Le Liban connaît désormais une accalmie, confirmée lundi par le porte-parole du secrétaire général de l'ONU Antonio Guterres. Dimanche "a été le premier jour depuis la reprise des hostilités le 2 mars au Liban" où les Casques Bleus "n'ont pas détecté des tirs ou des interceptions", a affirmé Stéphane Dujarric, selon qui ce calme "s'est poursuivi ce (lundi) matin".

Le Premier ministre israélien Benjamin Netanyahu a toutefois prévenu lundi que les soldats déployés dans le sud du Liban "disposent d'une liberté d'action totale pour neutraliser toute menace directe ou potentielle à leur encontre ou à l'encontre des habitants du nord" d'Israël.

"L'armée israélienne ne fait l'objet d'aucune restriction sur cette question", a ajouté M. Netanyahu, selon un communiqué de son bureau.
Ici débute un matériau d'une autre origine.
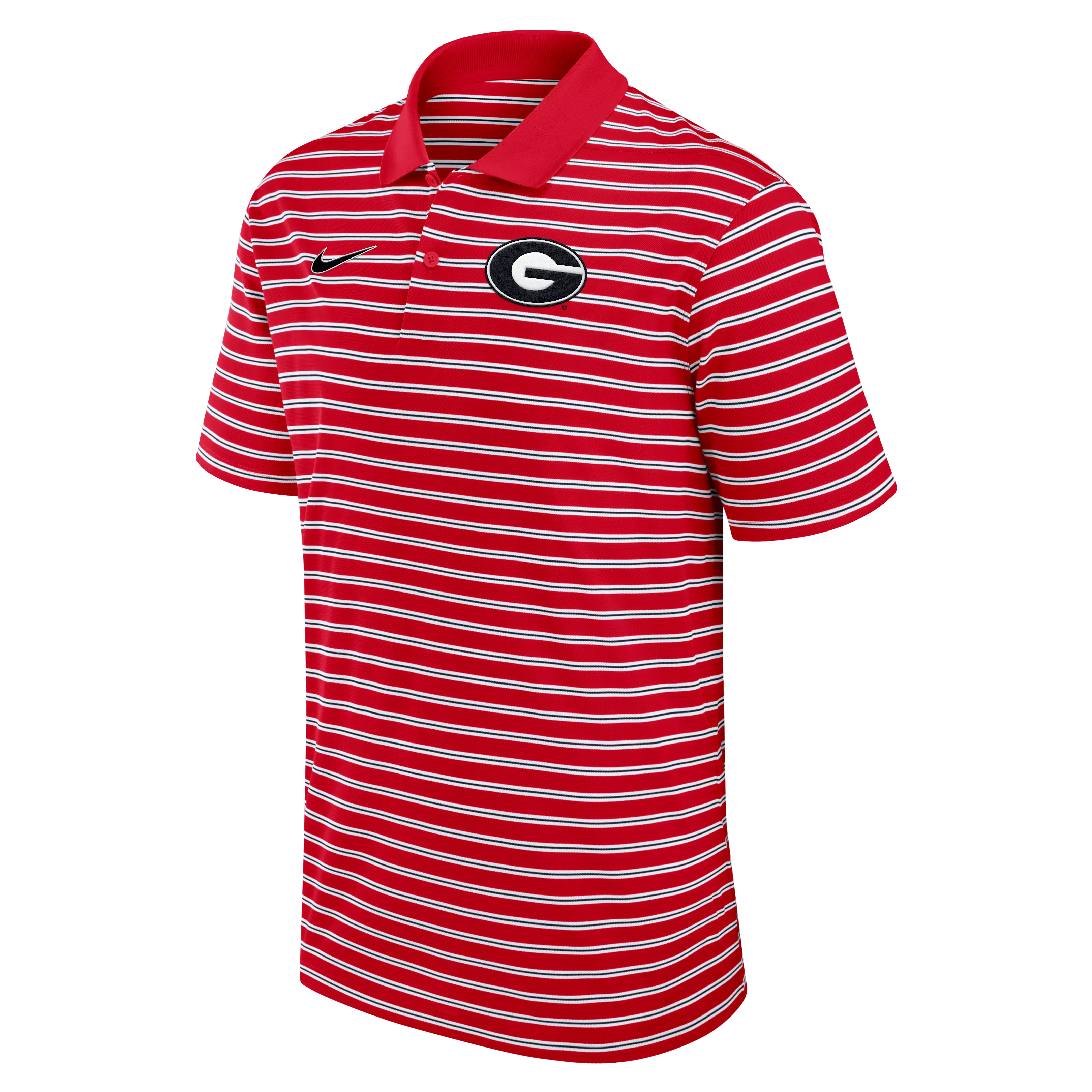 Experience the winning tradition with the Nike Men's Georgia Bulldogs Striped Polo-Red. Lightweight, breathable fabric with Dri-FIT® technology keeps you cool and dry through every play. The classic two-button placket and embroidered team logo at the left chest deliver timeless style and team spirit.

L'entente pour créer une cellule de crise, qui n'inclut pas Israël, intervient à la veille de nouvelles discussions directes à Washington entre le Liban et Israël, qui n'entretiennent pas de relations diplomatiques.

Il s'agira de la cinquième session depuis le début de la guerre entre le Hezbollah et Israël le 2 mars.

Le mouvement chiite a attaqué Israël pour venger la mort le 28 février du guide suprême iranien Ali Khamenei, dans l'offensive américano-israélienne. Les frappes israéliennes de représailles ont fait plus de 4.000 morts.

Une trêve, théoriquement en vigueur depuis le 17 avril, n'a jamais été respectée.

"Nous négocions pour nous-mêmes, et n'acceptons pas qu'une autre partie négocie pour nous", a insisté Joseph Aoun lundi.

"Nous accueillons toute aide venant de tout pays pour mettre fin à la guerre (...) mais il y a une grande différence entre oeuvrer à nous aider et s'ingérer dans nos affaires internes", a-t-il rappelé, dans une allusion à l'Iran, qui a longtemps exercé une forte influence au Liban à travers le Hezbollah.

Beyrouth, qui s'est employé au cours des derniers mois à dissocier les dossiers libanais et iranien, pousse en faveur de la réussite des pourparlers de Washington, auxquels s'oppose le Hezbollah, afin de mettre fin à la guerre et de déterminer l'avenir des relations entre les deux pays.